The New Year brings with it a new Private View regular, Quentin Newark of Atelier Works. In this, his first column, he predicts some bizarre events in the 2001 design calendar

Each year I receive a visitation from the Angel of Design, who comes in the form of a phosphorescent cloud shaped like Terence Conran’s head and is always laden with gifts. I asked him to take the Philippe Starck lemon squeezer back (so last century), but his book of visions for the year ahead is always welcome. Here is a little selection.

Spring

A trains-to-planes-to-retail conglomerate continues its brand extension strategy with the launch of a funeral arm. The service is intended to make the selection of everything, from coffin materials to the style of service, simpler and cheaper. At a champagne press launch at Highgate Cemetery, a company spokesbeard said: “A whole generation of consumers want a more rock ‘n’ roll funeral. Traditional ‘parlours’ don’t meet that need. It’s interesting we’re here in Highgate today, as I think Karl Marx would approve of our revolutionary approach to this area.” Red hearses will be rolled out in the UK from April, each adorned with the words, “Xxxxxx Funerals – everything else is dead boring.”

Lastminute.com follows its use of printed brochures in December 2000 by opening booths at major railways, stations and airports. A spokesperson says: “This is a really exciting move into real-time, face-to-face user interaction that will shake the retail industry up”.

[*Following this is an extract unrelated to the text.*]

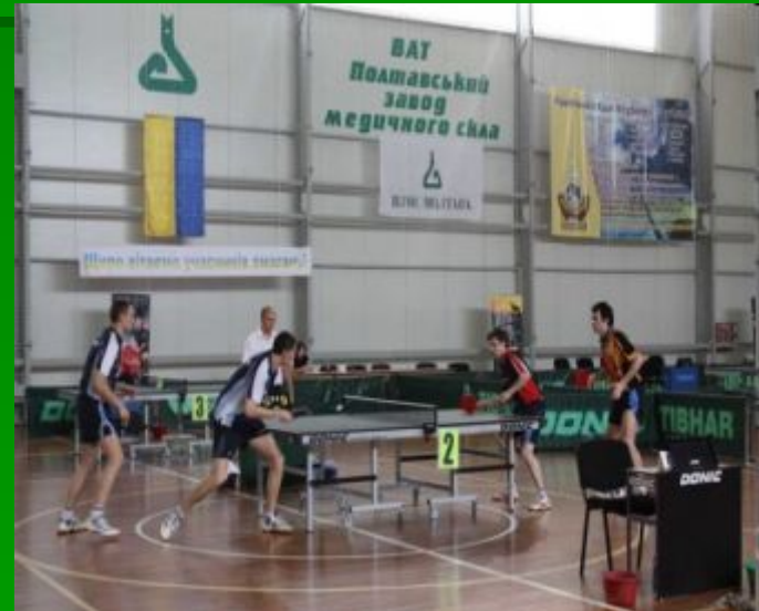
table tennis lawn tennis

Tennis is also very popular in Britain. Two different games that do not have much in common bear the name of tennis - lawn tennis and table tennis. Both games first appeared in England, but today the British prefer lawn tennis to table tennis. Every summer, in June, the biggest tournament in the world takes place at Wimbledon. This world centre of lawn tennis is located in a suburb of London. Millions of people watch the Wimbledon Championship on TV. Table tennis originated in England in 1880. But the British players are not lucky in table tennis international championships

Shock at the Dome as the new owners begin the task of dismantling the exhibits and discover that inside each “zone” is a huge vacuum. “We knew there was no real content here, but we didn’t think we would find these dark whirlpools of nothingness.”

Summer

Britain’s newspapers believe the new Wembley National Stadium could – with their help – turn into another Dome fiasco, but the Government and the Football Association move quickly to scale the project down. The original plans for a £660m, Sir Norman Foster-designed super-stadium with hotel complex, shopping centre and business park were reduced in scope last December, but the final FA-approved designs feature a length of open terracing, a burger stall and a Portakabin selling souvenir programmes. “The new design gives a nod to traditional football architecture while accommodating the commercial realities of the game today,” says the FA.

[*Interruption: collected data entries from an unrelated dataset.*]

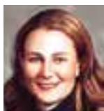
Pam Shriver Professional tennis player Network commentator
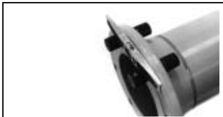
Part No. 42050
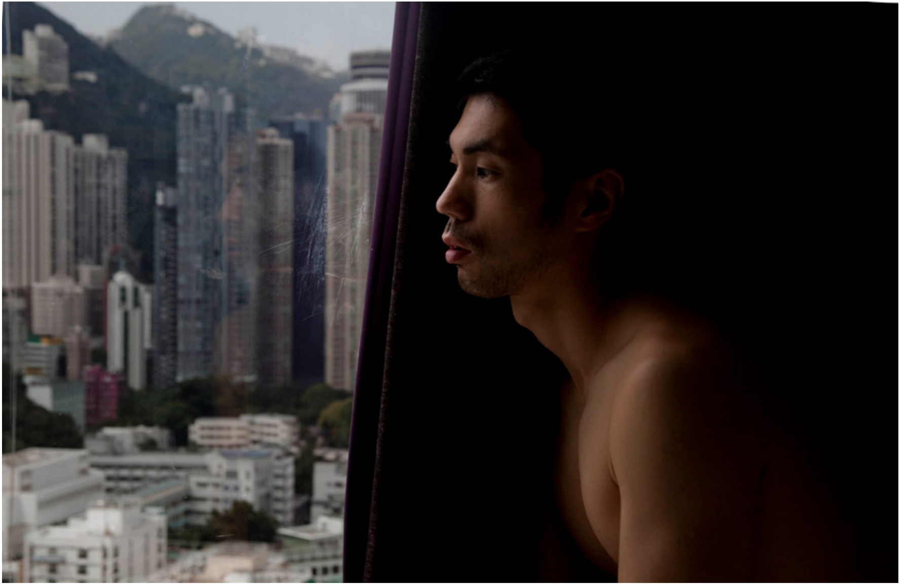
Hong Kong, 2013.
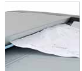
Fail-proof funnel-shaped paper for ease of paper insertion.
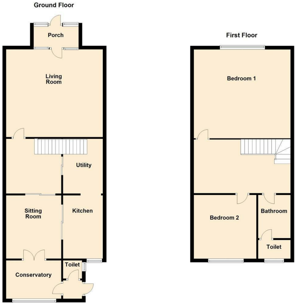
SKETCH PLAN FOR ILLUSTRATIVE PURPOSES ONLY All measurements are approximate. Plan produced using PlanUp.
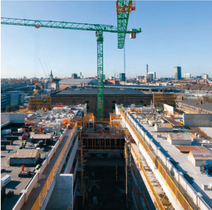
Studio spaces and the central walkway for the UAL
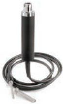
FL-12 Bayonet Mount Light Guide Handle #412041

For use with: FS-100 & FS-101, IFS-8 & 0 ID Kits
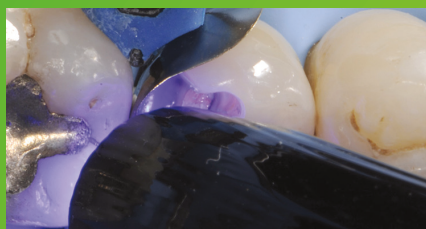
Fig. 5: After air drying for approximately 5 seconds, the adhesive is light cured for 10 seconds with 3M™ Elipar™ DeepCure-S LED Curing Light.

Lastminute.com announces plans to create large retail spaces in urban centres across the UK. A spokesperson says, “This is a radical new way to create relationships with users – or ‘customers’ as we call them. We’ve invented a new term for these large, real-life interaction centres: ‘shops’.”

Autumn

Inspired by calls for the design industry to promote a new generation of leaders and innovators, the Design Business Association starts discussions on whether plans should be made to possibly create a strategy to invite some of the industry’s most forward thinking practitioners to lecture, maybe. Raymond Loewy, William Morris and French “new wave poster designer” Henri de Toulouse-Lautrec are contacted.

The Government minister for Design and Cool Creative Stuff That Makes New Labour Look Contemporary announces that Battersea Power Station will be transformed into a Tate Modern-style venue where people can experience British design excellence. Initial plans are to turn the building upside down to create a giant table incorporating a 12 500-seat Conran restaurant.

However, the Government decides to scale its plans down and sells the site to Sainsbury’s, which will build a megastore there. “Think of it as a living museum of contemporary packaging and retail design,” says a Government minister. Asked whether this, together with the smaller scale of the Wembley project, represents lack of ambition in the area of public developments, the minister replied: “Not at all, and rumours that all that empty space at the Tate Modern will be turned into executive penthouses are very wide of the mark”.

Winter

Lastminute.com dumps its website, drops “.com” from its name and concentrates on its “shops”. A spokeswoman says: “We are pioneering a revolutionary way for people to buy things, using exciting new media platforms such as shelves and counters and high-end transaction and fulfilment technology such as tills and paper bags. We have seen the future of retail and it is truly exciting.”